Проснувшись поутру и лежа еще в палатке, он все старался припомнить сон, наполнивший его какой-то непонятной тревогой. Но вспомнить ничего не мог, кроме того, что снилась Даша. Он долго лежал, не открывая полусмеженных век, и то с грустью затаенно любовался привидевшимся ему обликом Даши, то с тоской вспоминал плачущую мать, которую никак не могли оторвать от стремени его коня, то всплывала в его памяти толпа ри-
нувшихся за эшелоном женщин, среди которых он все старался различить Дашу...
В таком тревожном состоянии провел Федор весь день, слоняясь по лагерю от палатки к палатке.
Часу в пятом вечера, когда Федор стоял с группой одностаничников у передней линейки, из-за бараков вылетел дорогой фаэтон, запряженный парой великолепных рысаков светло-серой масти. Толпа казаков шарахнулась в стороны, дала фаэтону дорогу. В фаэтоне сидели два подвыпивших офицера. Один из них — сотник Скуратов, ловко выпрыгнув на ходу, обвел мутным взором казаков и, остановив свой взгляд на Федоре, крикнул:
— Как стоишь, сукин сын, перед офицером? Федор вытянулся в струнку.
— Почему мне чести не отдал?— понизив голос, спросил Скуратов, приблизившись к Федору.
— Виноват, ваше благородие,— глухо проговорил Федор.
— Что значит — виноват?!
— Виноват. Не заметил, ваше благородие.
— Как ты сказал? Офицера, своего командира сотни, не заметил?! Ты скажи лучше прямо — не пожелал замечать!
Федор молчал. Лицо строгое, сосредоточенное. И только сурово сомкнутые густые брови, мертвенная белизна щек да судорожный излом губ выдавали его смятение, обиду и гнев.
— Отвечай, когда тебя спрашивает офицер!— почему-то вполголоса проговорил, бледнея, Скуратов и, не дав Федору вымолвить слова, развернулся и наотмашь ударил его по лицу.
Пошатнувшийся от удара Федор закусил губу и на секунду прикрыл глаза. Вокруг стало так тихо, что было слышно, как заверещал в сухой траве кузнечик. И вдруг казаки, до сего неподвижно и молча наблюдавшие всю эту сцену, ринулись к Федору и в мгновение ока замкнули его и сотника в глухое кольцо.
— Это што же такое, братцы!— крикнул полурыдающим голосом Андрей Прахов.— Мы идем кровь за родину проливать, а они нашего брата ни за што ни про што по морде лупить будут!
— Как ни за што ни про што?! Ведь это он, сволочь, за коня Федьку ударил!— сказал Пашка Сучок.
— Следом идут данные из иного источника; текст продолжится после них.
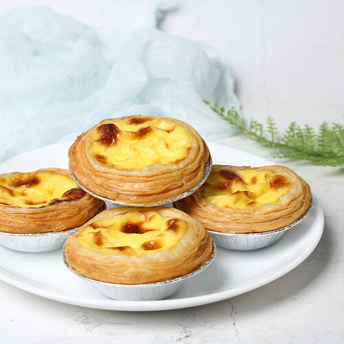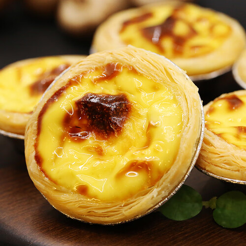 精心挑选优质的鸡蛋制作而成,蛋挞液奶香浓郁,吃起来口感醇厚细腻。烘烤出来的蛋挞呈金黄色,色泽鲜亮诱人。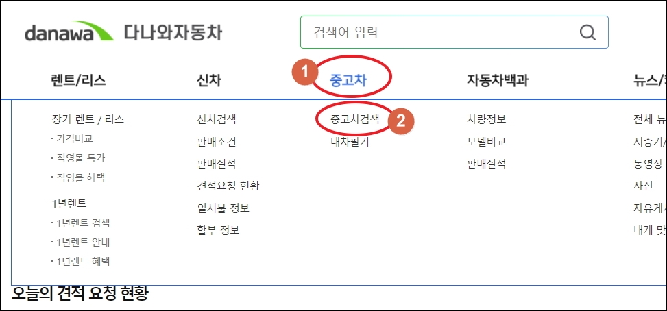 ▼사이트에 접속하면 메뉴에서 [중고차 검색]을 클릭합니다. 사이트 메뉴를 보면 알 수 있듯이 렌트, 리스, 신차, 판매실적 등 다양한 정보를 얻을 수 있습니다. 신차의 경우 견적표를 온라인 상에서 바로 확인이 가능하기 때문에 제네시스 신차 가격표를 알아볼 때 매우 유용합니다.

И слова Пашки потонули в гневных выкриках казаков:
— Што ты на него смотришь, станичник, дай ему по уху!
— Бей его!
— Полыхни его шашкой — и вся недолга...
— Правильно. Давай я ему, варнаку, заеду...
Бледный, как полотно, протрезвевший Скуратов, затравленно оглядевшись вокруг, вдруг выхватил из кармана браунинг, изогнувшись, как для прыжка, бросился в сторону, сбил ударом плеча с ног Сашку Неклюдова и, прорвав кольцо казаков, пошел наутек к стоявшему в стороне офицерскому бараку.
Казаки с диким воем и улюлюканьем ринулись за сотником. Но Скуратов успел вскочить в барак и захлопнуть за собой на крюк тяжелую дверь. Казаки бросились было к окошку. Но в это мгновенье прозвучали три беглых револьверных выстрела — сотник стрелял из окна,— и раненный в ногу Сашка Неклюдов присел, обронив свой клинок.
Не помня уже себя от ярости, казаки, несмотря на револьверную пальбу сотника, начали бить оконные стекла, рубить клинками косяки и рамы, пытаясь ворваться в барак.
Вдруг кто-то крикнул:
— Давайте, братцы, сена с коновязи! Зажигай!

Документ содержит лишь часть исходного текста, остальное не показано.